Huge income gap among regions makes it hard to set threshold
Chinese authorities on Monday denied that the country may raise personal income taxes on those earning more than 120,000 yuan ($18,460) a year, as netizens responded furiously to a possible tax increase on the country's emerging middle class.
Citing unnamed experts affiliated with the State Administration of Taxation (SAT) and the Ministry of Finance, the Xinhua News Agency on Monday reported that suggestions of higher tax rates for those residents with earning above 120,000 yuan per year misread the document and were mere rumors.
Despite the clarification, a document from the State Council, China's cabinet, that indicated a possible increase in income taxes had already resonated over the past few days.
The State Council document, released on Friday, was aimed at addressing issues such as "the lack of human capital accumulation," "difficulties in raising income" and creating a fair environment. But one paragraph that suggests adopting higher rates for high income earners drew attention.
The government should gradually establish a personal income tax system that combines both comprehensive and classified tax systems, further reduce the tax burden on middle and lower income earners, adjust incomes, and appropriately regulate the taxes of high income earners, the document said.
Many residents, particularly those in first-tier cities like Beijing and Shanghai, have raised concerns about any tax hikes and stressed high cost of living in these big cities.
Following the document's release, articles that suggested a raise in taxes for high income earners, who earn above 120,000 yuan a year have been widely shared on Chinese social media sites, and received comments expressing shock and disbelief over such a low threshold for higher incomes.
"Earning 120,000 a year is high?
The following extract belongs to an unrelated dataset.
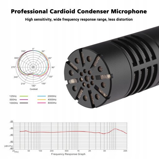 Profesjonalny mikrofon pojemnościowy z pozłacaną kapsułą membranową, wkładem przetwornika gradientu ciśnienia i kardioidalną charakterystyką przetwornika, zapewniający doskonałą odpowiedź przejściową, szeroką charakterystykę częstotliwościową, wysoką czułość, dokładną i czystą reprodukcję dźwięku.
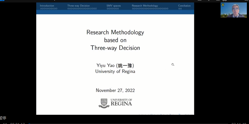 2022年11日27日,受海角 数学科学学院邀请,加拿大里贾纳大学姚一豫教授在线上作了题为“Research Methodology based on Three-way Decision”的学术报告。此次报告由数学科学学院姚炳学教授主持,海角 、西北师范大学、重庆邮件大学和临沂大学等4所高校的30多位师生参加了本次报告会。

After all our daily expenses, with that income, we can't even afford a one-square meter home, and you are telling me that's high income," one netizen said on Weibo, a popular social media platform in China, on Monday.
Tax monitoring purposes
The 120,000 yuan per year level was pegged during reforms implemented in 2006, which required those falling under that category to file a report with taxation authorities, according to Li Wanfu, director of the Institute of Tax Science, a research arm of the SAT.
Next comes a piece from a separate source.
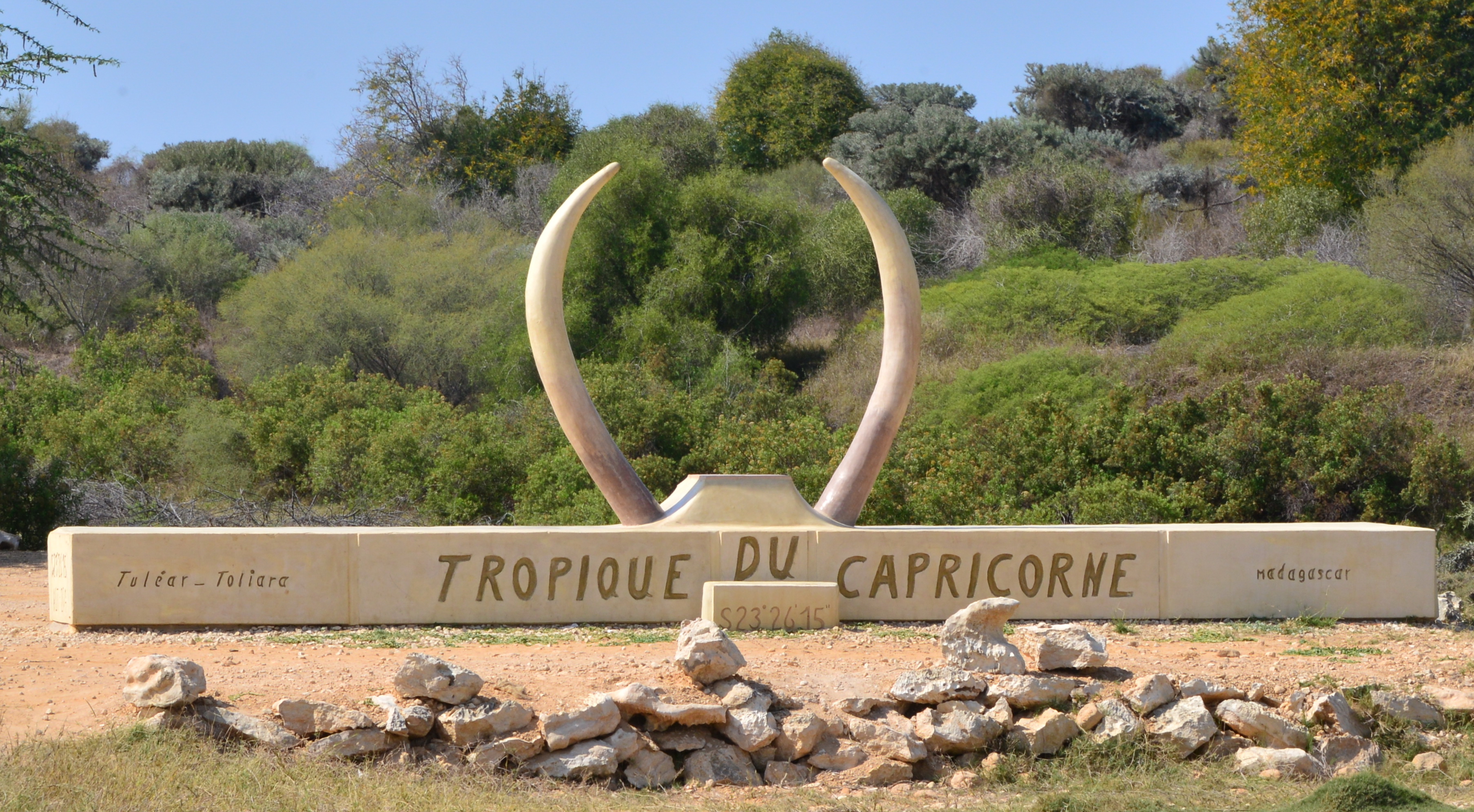 The track went into the Protected Area of Tsinjoriake and before too long we stopped for pictures at the monument marking our passing of the Tropic of Capricorne. Nadia waskeen to have her picture taken here as she was born under the star sign of Capricorne.

"People are putting two separate things together and spreading rumors," Li told the Global Times on Monday. "It was not set as a high income threshold in 2006, and certainly not now after 10 years."
And the threshold was merely established for tax monitoring proposes, not for determining tax rates for different income groups, according to Ma Caichen, a professor at the School of Economics at Nankai University.
Ma said the threshold set 10 years ago might be too low in first-tier cities, considering the rise in housing prices and other living standards, but "it is still a reasonable threshold compared to the national average."
"The working class is very concerned about any changes to their tax rates because it's their hard-earned money and they face very high stress living in the cities, and they should not pay higher rates," Ma said.
Ma said that given the huge income gap among different Chinese cities, it is impossible for the country to set a specific threshold for high income earners that fits the whole country. "For example, 120,000 yuan per year in Beijing might be quite low, considering rising housing prices and other living standards, but in Qinghai Province, that's a lot," he said.
But this is just a threshold tax authorities want to monitor, not for implementing higher tax rates, so "it is still a reasonable threshold on the national level," he said.
But this is part of the tax reform, and the overall trend is to ease the burden on middle income earners, according to Ma. He further suggested that the income tax threshold be adjusted based on changes in prices.